Closed andremakar closed 4 months ago

andremakar commented 5 months ago

Hello, which mean and std did you use to experiment with SegMunich data? this dictionary is initialized on line 14 in the file TUM_128.py

mean_std_dict = { 'SegMunich': ['SegMunich', ...

moonboy12138 commented 5 months ago

Hello, which mean and std did you use to experiment with SegMunich data? this dictionary is initialized on line 14 in the file TUM_128.py

mean_std_dict = { 'SegMunich': ['SegMunich', ...

The mean and std in the mean_std_dict dictionary are replicated from the SatMAE pretrain normalization. However, within the SegMunich dataset, we do not employ this normalization method. Instead, we compute the mean and standard deviation for each image individually. Further details are outlined in lines 96-99 of the TUM_128.py file.

andremakar commented 5 months ago

Hello, which mean and std did you use to experiment with SegMunich data? this dictionary is initialized on line 14 in the file TUM_128.py mean_std_dict = { 'SegMunich': ['SegMunich', ...

The mean and std in the mean_std_dict dictionary are replicated from the SatMAE pretrain normalization. However, within the SegMunich dataset, we do not employ this normalization method. Instead, we compute the mean and standard deviation for each image individually. Further details are outlined in lines 96-99 of the TUM_128.py file.

Thanks for the previous reply!

Could you please add a more detailed description of how to properly run your networks for the SegMunich dataset for semantic segmentation of HSI? And also, if possible, tell us how to run your code correctly for other custom datasets for semantic segmentation. Our dataset consists of cubes from 200 to 250 channels, and the image size in height and width exceeds 128 pixels.

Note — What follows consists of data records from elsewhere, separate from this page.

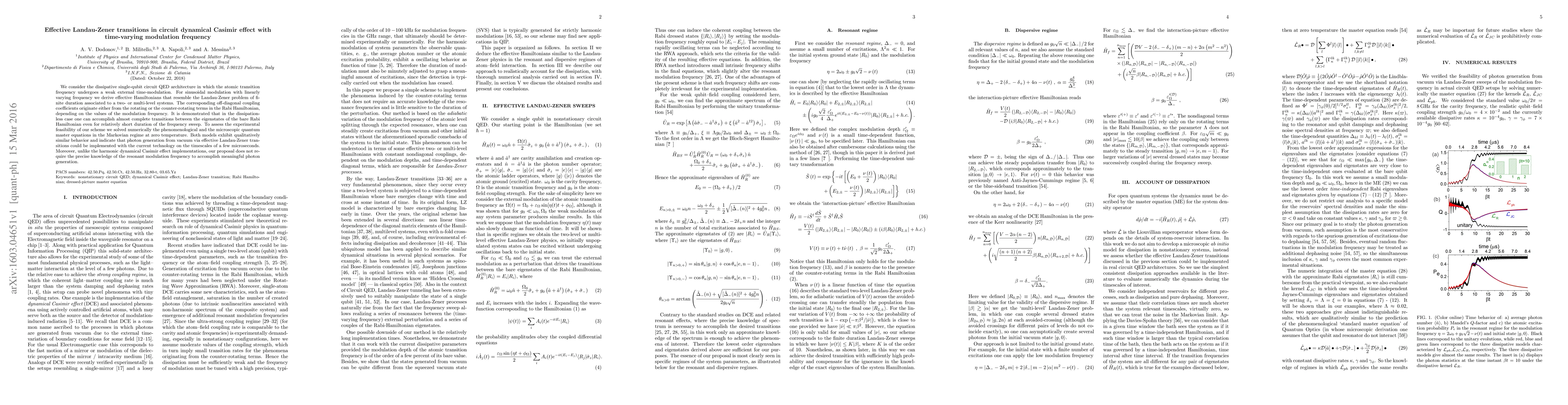 We consider the dissipative single-qubit circuit QED architecture in which the atomic transition frequency undergoes a weak external time-modulation. For sinusoidal modulation with linearly varying frequency we derive effective Hamiltonians that resemble the Landau-Zener problem of finite duration associated to a two- or multi-level systems. The corresponding off-diagonal coupling coefficients originate either from the rotating or the counter-rotating terms in the Rabi Hamiltonian, depending on the values of the modulation frequency. It is demonstrated that in the dissipation less case one can accomplish almost complete transitions between the eigenstates of the bare Rabi Hamiltonian even for relatively short duration of the frequency sweep. To assess the experimental feasibility of our scheme we solved numerically the phenomenological and the microscopic quantum master equations in the Markovian regime at zero temperature. Both models exhibit qualitatively similar behavior and indicate that photon generation from vacuum via effective Landau-Zener transitions could be implemented with the current technology on the timescales of a few microseconds. Moreover, unlike the harmonic dynamical Casimir effect implementations, our proposal does not require the precise knowledge of the resonant modulation frequency to accomplish meaningful photon generation.
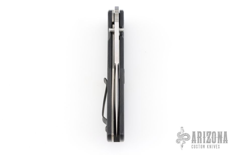 This Century Starfighter from Bob Terzuola features a tumbled blade with dual thumbstuds. The handle has carbon fiber scales with a single titanium liner, black backspacer, tip up titanium clip, lanyard hole. Nice detent, lockup and blade seating. Excellent condition.
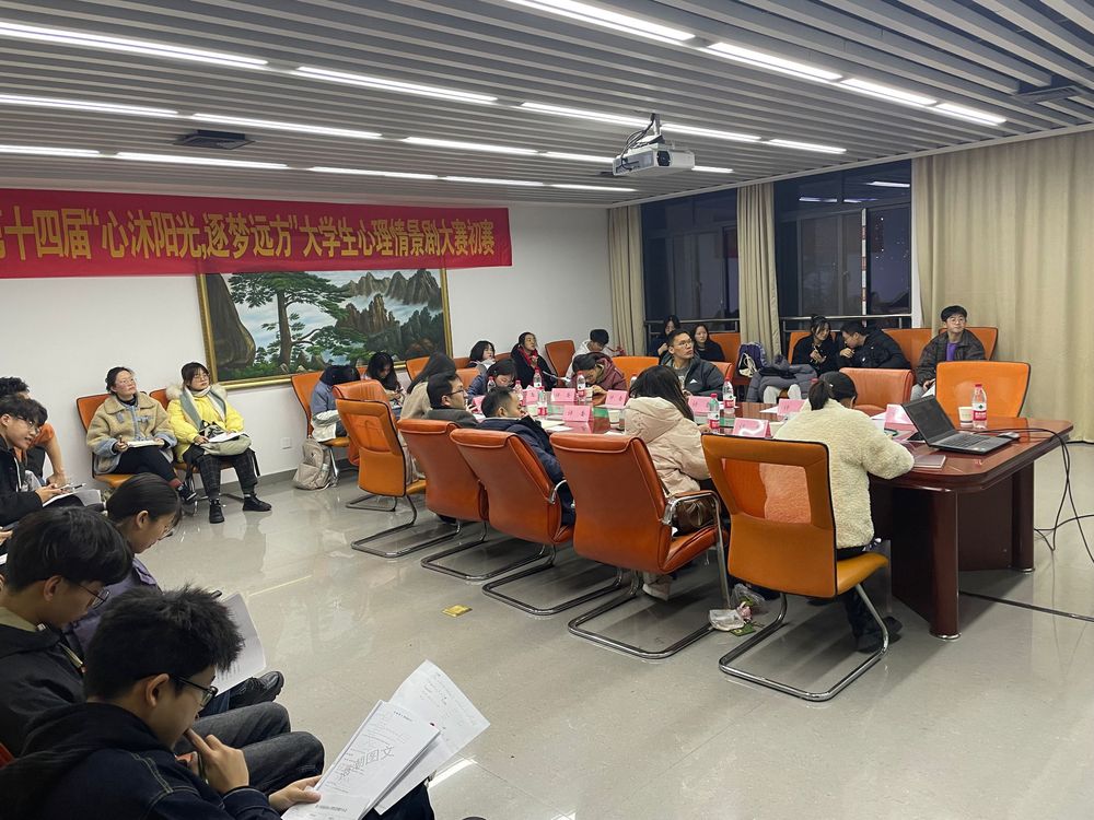 12月6日晚七点,第十四届“心沐阳光,逐梦远方”校园心理情景剧初赛在A座1106和1104举行,大学心理健康教育与咨询中心老师、各学院发展辅导中心主任和学生代表担任此次活动评委。

moonboy12138 commented 4 months ago

Apologies for the delayed response. For Hyperspectral Image (HSI) classification, please tailor the function according to the spectral channels required, as demonstrated in lines 355-369 of models_vit_tensor.py here. Additionally, the process for loading our model is detailed in lines 281-303 of main_finetune.py here.

We conducted our pretraining and downstream tasks using Sentinel-2 data, and the model should be compatible with data cubes ranging from 200 to 250 channels. A critical consideration is the availability of sufficient GPU memory for fine-tuning, which is a significant issue we are actively investigating.